Every single one of us possesses the power to change our lives.  No matter what you think of yourself, no matter how weak you think you are, or how lacking in confidence, or how scared of the unknown you think you are, I can tell you that this is not true.  You are no different to the person that I used to be, you are no different from the person that I am now.  And you are no different to any one else.  The only thing that sets us apart is that I, like many others, sought to change my life and to follow my heart.  I decided to no longer let my fears of the unknown stop me, I decided that I didn't wish to be scared of life any longer.  I figured out that if I wanted the life of which I dreamed, it was up to me to make it happen.  I discovered an inner strength that I never knew I possessed.  And when I discovered that strength, I found an unlimited supply.  By following your heart, you are tapping into the power of the universe, and the power of the universe is infinite.

I am no different to any one else.  I am extremely humble about my life and about the opportunities that came to me.  I always give thanks for everything that has happened to me, because I am truly grateful for my path.  You too can do this.  Your life is your life and it is no one else's.  Never think that you cannot do it.  Never think that you are different to other people.  You are not.  Every single person that has gone in search of their dreams has been scared and has faced the unknown.  We persevere because we know the rewards that await us, because our hearts urge us to carry on.  The inner strength that you see in others is only a reflection of the inner strength that resides in you.
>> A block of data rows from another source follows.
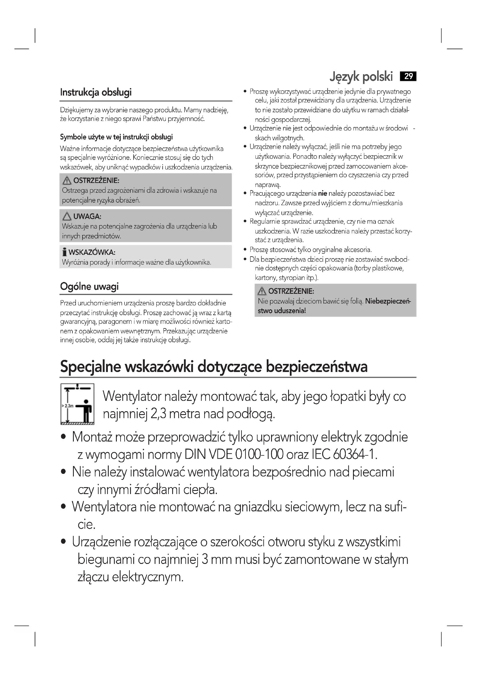 Instrukcja obsługi Dziękujemy za wybranie naszego produktu. Mamy nadzieję, że korzystanie z niego sprawi Państwu przyjemność.Symbole użyte w tej instrukcji obsługiWażne informacje dotyczące bezpieczeństwa użytkownika są specjalnie wyróżnione. Koniecznie stosuj się do tych wskazówek, aby uniknąć wypadków i uszkodzenia urządzenia. OSTRZEŻENIE: Ostrzega przed zagrożeniami dla zdrowia i wskazuje na potencjalne ryzyka obrażeń. UWAGA: Wskazuje na potencjalne zagrożenia dla urządzenia lub innych przedmiotów. WSKAZÓWKA: Wyróżnia porady i informacje ważne dla użytkownika. Ogólne uwagi Przed uruchomieniem urządzenia proszę bardzo dokładnie przeczytać instrukcję obsługi. Proszę zachować ją wraz z kartą gwarancyjną, paragonem i w miarę możliwości również karto-nem z opakowaniem wewnętrznym. Przekazując urządzenie innej osobie, oddaj jej także instrukcję obsługi.• Proszę wykorzystywać urządzenie jedynie dla prywatnego celu, jaki został przewidziany dla urządzenia. Urządzenie to nie zostało przewidziane do użytku w ramach działal ności gospodarczej. • Urządzenie nie jest odpowiednie do montażu w środowi skach wilgotnych.• Urządzenie należy wyłączać, jeśli nie ma potrzeby jego użytkowania. Ponadto należy wyłączyć bezpiecznik w skrzynce bezpiecznikowej przed zamocowaniem akce-soriów, przed przystąpieniem do czyszczenia czy przed naprawą.• Pracującego urządzenia nie należy pozostawiać bez nadzoru. Zawsze przed wyjściem z domu/mieszkania wyłączać urządzenie.• Regularnie sprawdzać urządzenie, czy nie ma oznak uszkodzenia. W razie uszkodzenia należy przestać korzy-stać z urządzenia.• Proszę stosować tylko oryginalne akcesoria.• Dla bezpieczeństwa dzieci proszę nie zostawiać swobod-nie dostępnych części opakowania (torby plastikowe, kartony, styropian itp.). OSTRZEŻENIE: Nie pozwalaj dzieciom bawić się folią. Niebezpieczeń stwo uduszenia! Specjalne wskazówki dotyczące bezpieczeństwa Wentylator należy montować tak, aby jego łopatki były co najmniej 2,3 metra nad podłogą.
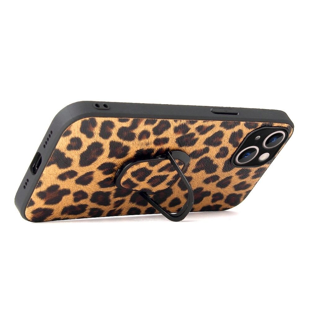 Kickstand Design PU lederen telefoonhoes Shell met ingebouwde metalen plaat voor iPhone 13 6.1 inch - Krokodiltextuur/zwart
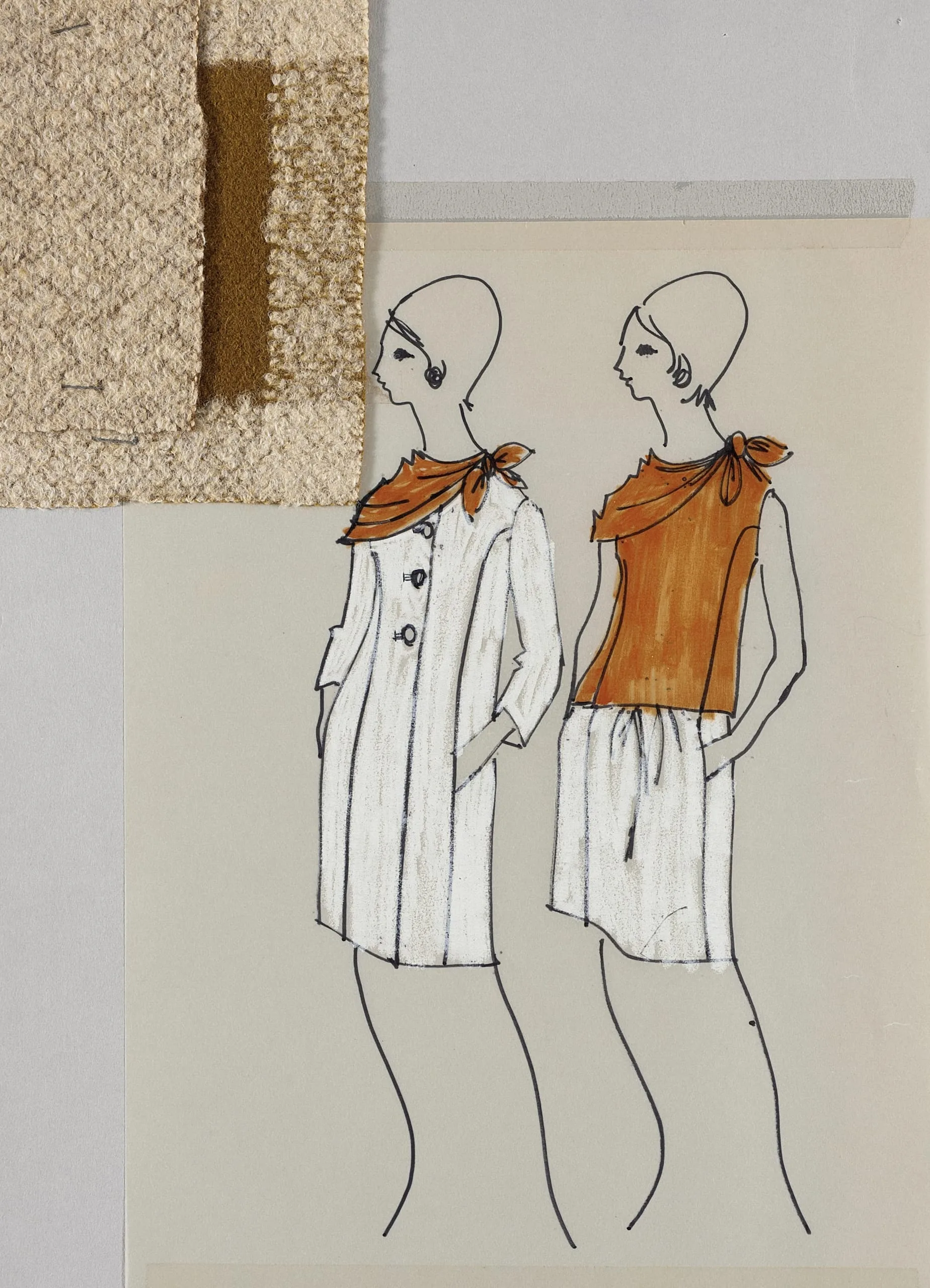 - Ink on vellum mounted on cardboard matte with cloth swatch

You possess the inner strength to change your life.  You possess the inner strength to seek out and to grab the opportunities that come your way.  You possess the inner strength to free yourself of the chains that bind you to a life that does not work for you.  You possess the inner strength to spread your wings and fly free.  You possess the inner strength to be all that you dream.  You possess the inner strength to become the real you.  Your inner strength is unlimited.  There is nothing that can hold you back or stop you.  Unleash it.  Don't take my word for it.  Believe it.  Go and make your dreams happen.  Find your one true path.

One of the greatest secrets of our time is this:  You are stronger than you can possibly imagine.  Unlock that secret inside of you and see just how high you can soar.